# FST-7 Fascia Stretching Training Overview



## K1 (Nov 9, 2012)

By: Daniel Alpa

I first came across FST-7 not knowing that the top two bodybuilders, Jay Cutler and Phil Heath, were doing it. I was giving DC Training a try and stumbled across FST-7, created by Hany Rambod, as I further researched more about DC Training. I was having decent results with DC training but honestly I wanted to be in the gym more than 3 days a week since I had the time. I really liked the extreme stretching from DC Training but when I read about FST-7 , it was about a different type of stretching.

FST-7 stands for, Fascia Stretching Training, Rambod simply explains this as “A training method centered around stretching the fascia, a thin sheath of connective tissue that holds muscle and organs in place, but can actually hinder gains in muscle size.” The goal of FST-7 is to fill up the muscle with as much blood as possible which in turn Rambod believes will loosen the muscle to create more room for muscle growth. The use of FST-7 protocol will come on the final exercise for the bodypart entailing an additional 7 sets to engorge the muscle with even more blood.

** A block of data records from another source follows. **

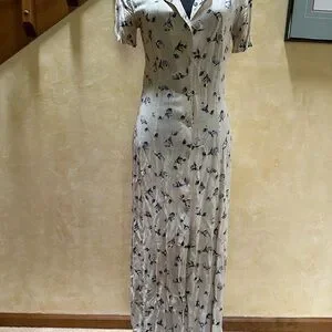 This elegant cream dress features a delicate floral pattern, perfect for any occasion. Its soft fabric and flattering fit make it a must-have addition to your wardrobe.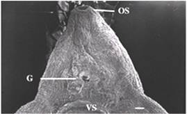Hình 5: Các sán kháng TCBZ được điều trị bằngTCBZ.SO(15μg/ml)và verapamil (1 × 10− 4M) trong 24 giờ. Bề mặt vỏ sán bị loại bỏ và lộ ra lớp đáy | Hình. 6: Các sán kháng TCBZ được điều trị bằng TCBZ.SO (15 μg/ml) trong 24 giờ. Cấu trúc bề mặt bỏ cho thấy chưa bị hủy hoại |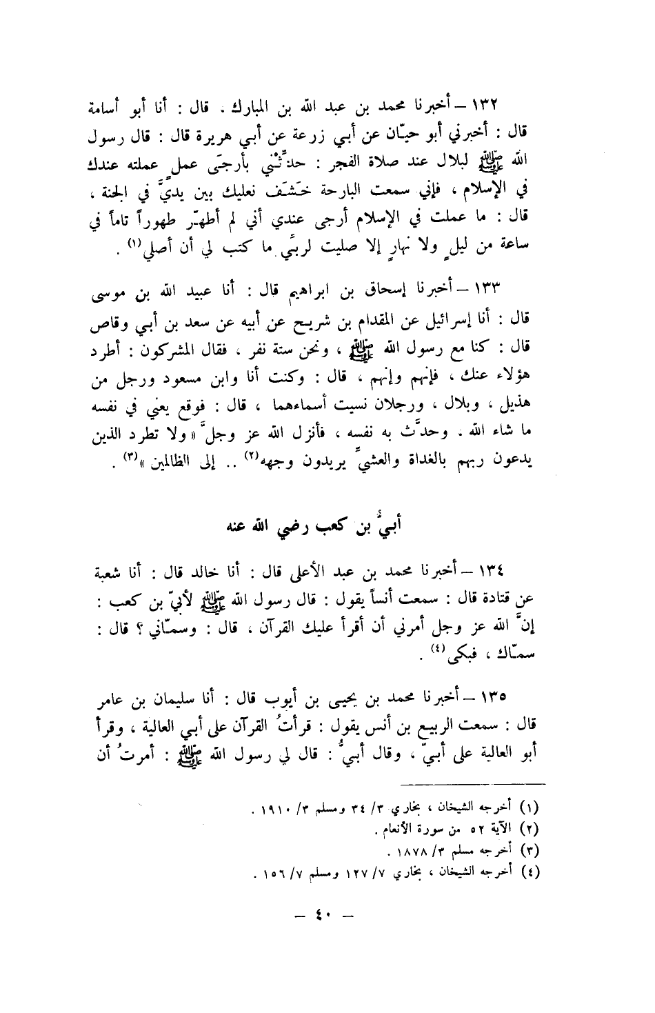 132 - أخبرنَا مُحَمَّد بن عبد الله بن الْمُبَارك قَالَ أَنا أَبُو أُسَامَة قَالَ أَخْبرنِي أَبُو حَيَّان عَن أبي زرْعَة عَن أبي هُرَيْرَة قَالَ قَالَ رَسُول الله صلى الله عَلَيْهِ وَسلم لِبلَال عِنْد صَلَاة الْفجْر حَدثنِي بأرجى عمل عملته عنْدك فِي الْإِسْلَام فَإِنِّي سَمِعت البارحة خشف نعليك بَين يَدي فِي الْجنَّة قَالَ مَا عملت فِي الْإِسْلَام أَرْجَى عِنْدِي أَنِّي لم أطهر طهُورا تَاما فِي سَاعَة من اللَّيْل ليل وَلَا نَهَار إِلَّا صليت لرَبي مَا كتب لي أَن أُصَلِّي

The number 7, the magic number, came to Rambod by experimenting with clients. But he also mentions it will be “determined by the individula’s recuperative capabilities.” FST-7 is used to bring up lagging body parts. It is advised to not use it for every bodypart during the week. If you implement it for larger muscle groups (chest, back, shoulders, legs), then once a week will be suffice since it takes larger muscle groups longer to recover. The smaller muscle groups (biceps, triceps, calves) can be trained twice a week with the FST-7 protocol.

For the last exercise, the 7s, isolation movement and machines are preferred over free-weight compound exercises. Free-weight movements take more balance and technique and also have supporting muscles activated during the movement. The goal is to really train that targeted muscle. Rambod mentions, “advanced trainers who have built sufficient strength and mastered proper technique and mind-to-muscle connection can benefit from using compound exercises for their 7s.”
SAMPLE FST-7

Intermediate Chest Workout (FLEX MAGAZINE, JAN 2010)

EXERCISE SETS REPS
Inclined DB Presses 3 8-12
Flat-Bench DB Press 3 8-12
Incline DB Flyes 3 8-12
Cable Crossovers 7 8-12

A common misconception that needs to be pointed out is that some believe that the 7s are light pump sets. WRONG! If your target is 10 reps, at numbers 9 and 10 you should be close to bringing yourself to tears. Between each set of the 7s, the rest is very short (30-45 sec.) in order to supersaturate the muscle. Rambod requires the trainer to alternate between flexing and stretching the muscle after each set for 30 seconds(flex after the first set, stretch after the second set).
Final Thoughts on FST-7

I found that it is very important to listen to your body. At first when you try FST-7, you will want to train every single bodypart with the protocol within the week. Most of us have seen “Pumping Iron” or the clip of Arnold talking about the pump. With the 7s you will definitely feel an extreme pump. Be smart at what bodypart you want to train. I know that my chest takes much more pounding in order to grow than my back and shoulders.

In order to know that you are progressing on FST-7, make sure you log your workouts. A stronger muscle will become a bigger muscle, and will allow the use of heavier weights during the 7s. I log the reps and weight I do for my 7s. It is important to keep correct form. Once you feel your form breaking or other muscle coming into play, lighten the weight. Form is more important than the weight.

FST-7, thus far, has given me great results. Just like any program out there, it takes consistency and dedication. You must commit yourself fully and really pay attention to the way your body feels.


----------